We synthesized extremely deformable red blood cell-like microgel particles and loaded them with bovine hemoglobin (Hb) to potentiate oxygen transport. With similar shape and size as red blood cells (RBCs), the particles were fabricated using the PRINT® (Particle Replication In Non-wetting Templates) technique. Low crosslinking of the hydrogel resulted in very low mesh density for these particles, allowing passive diffusion of hemoglobin throughout the particles. Hb was secured in the particles through covalent conjugation of the lysine groups of Hb to carboxyl groups in the particles via EDC/NHS coupling. Confocal microscopy of particles bound to fluorescent dye-labeled Hb confirmed the uniform distribution of Hb throughout the particle interior, as opposed to the surface conjugation only. High loading ratios, up to 5 times the amount of Hb to polymer by weight, were obtained, without a significant effect on particle stability, shape, though particle diameter decreased slightly with Hb conjugation.

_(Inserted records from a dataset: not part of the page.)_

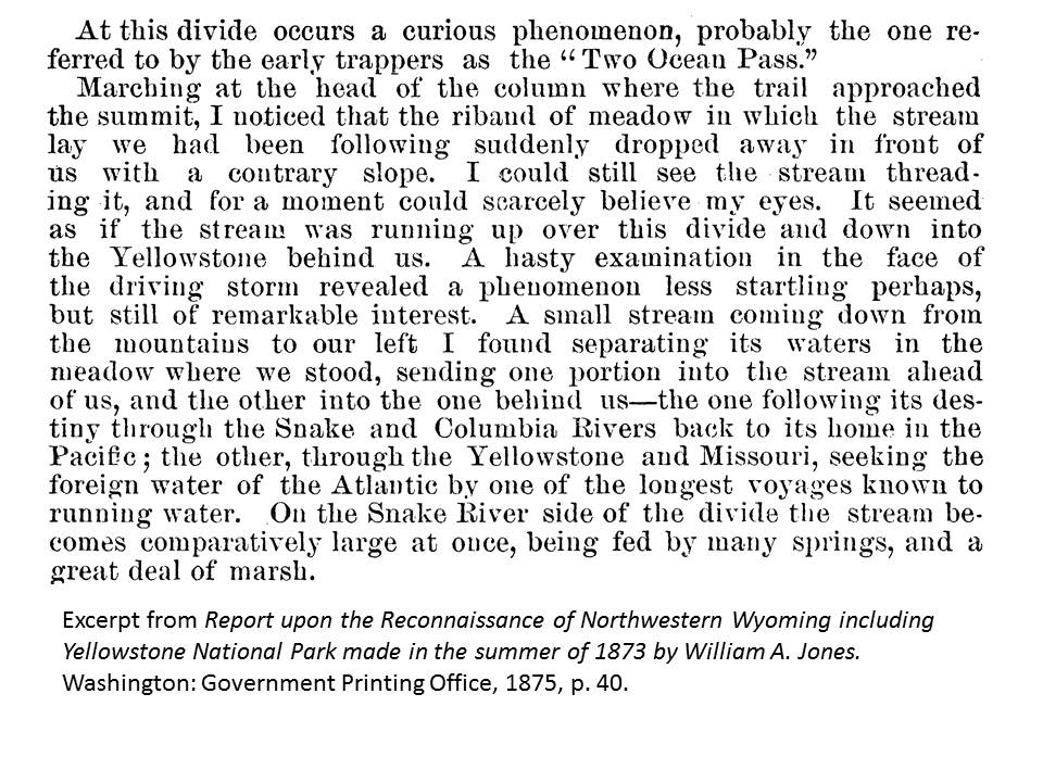| Described by Jim Bridger in the early 1830's as the place where a stream comes from the north and divides in the canyon, one flowing to the Atlantic seaboard and the other to the Pacific. (WPA) The timbered Continental Divide, which comes down in a southeasterly direction from Yellowstone Park, arches here toward the west to form a three-way watershed. Streams from these mountains eventually join the Columbia, Colorado, and Missouri Rivers. Pacific Creek heads near the summit of the range and flows westward to join the Columbia. Atlantic Creek, which joins the Missouri system, heads in the same swamp at Two Oceans Pass, about 25 miles northeast. (Wyoming Guide) During the summer of 1873, Captain William A. Jones and party explored northwestern Wyoming and Yellowstone.On September 3, the reached Two Ocean Pass. (Jones) |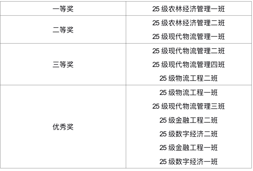附:经济管理学院2025年“河韵映山河,经管赋新章”新生合唱比赛获奖班级如下: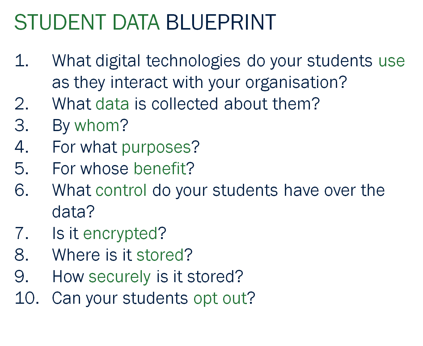 This is a useful concept to apply to the accumulation, storage, transfer, analysis and use (paraphrasing Harvey 2005) of student data as, increasingly, these ‘various interactions and actions’ are mediated by internet-enabled technologies. Hence, the ‘student data blueprint’.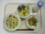 【献立】 煮こみうどん 牛乳 カミカミサラダ ...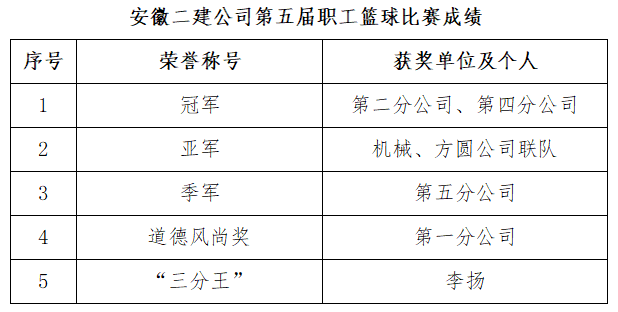 本屆比賽共有8支球隊(duì)報(bào)名參賽,參賽人數(shù)和規(guī)模都較上屆有所增加,球隊(duì)的競技水平也在提高。比賽中,每支球隊(duì)均認(rèn)真對待,分析對手,研判戰(zhàn)術(shù),全力以赴,不到比賽最后一刻決不放棄,場上一個(gè)個(gè)漂亮的傳球、一次次精彩的投射,球隊(duì)精湛的球藝,頑強(qiáng)的打拼精神,給每一位觀眾留下了深刻的記憶,給精神上帶來了無比的愉悅。尤其最后一場冠、亞軍決賽在二分公司、四分公司兩支球隊(duì)間激烈比拼,在40分鐘的比賽時(shí)間里兩隊(duì)打成平局,進(jìn)入加時(shí)賽后,兩隊(duì)比分交替上升,你方進(jìn)球我方籃板,各自得分,三個(gè)加時(shí)賽后,兩隊(duì)仍然保持平局,場上隊(duì)員拼盡全力為集體而戰(zhàn),為榮譽(yù)而戰(zhàn)的精神感動在場的每一個(gè)人。整場比賽高潮迭起,吶喊聲不斷,祝賀的掌聲不斷,為運(yùn)動員加油,為不放棄堅(jiān)持到底的體育精神助威!最后兩隊(duì)握手言和,并列第一。隊(duì)員們相擁鼓勵,擊掌祝賀!贏得了對手尊重,贏得了比賽勝利!

Analysis of the protein by circular dichroism (CD) spectroscopy showed that the secondary structure of Hb was unperturbed by conjugation to the particles. Methemoglobin in the particles could be maintained at a low level and the loaded Hb could still bind oxygen as studied by UV-vis spectroscopy. Hb-loaded particles with moderate loading ratios demonstrated excellent deformability in microfluidic devices, easily deforming to pass through restricted pores half as wide as the diameter of the particles. The suspension of concentrated particles with Hb concentration of 5.2 g/dL showed comparable viscosity to that of mouse blood, and the particles remained intact even after being sheared at a constant high rate (1,000 1/s) for 10 min. Armed with the ability to control size, shape, deformability, and loading of Hb into RBC mimics, we will discuss the implications for artificial blood.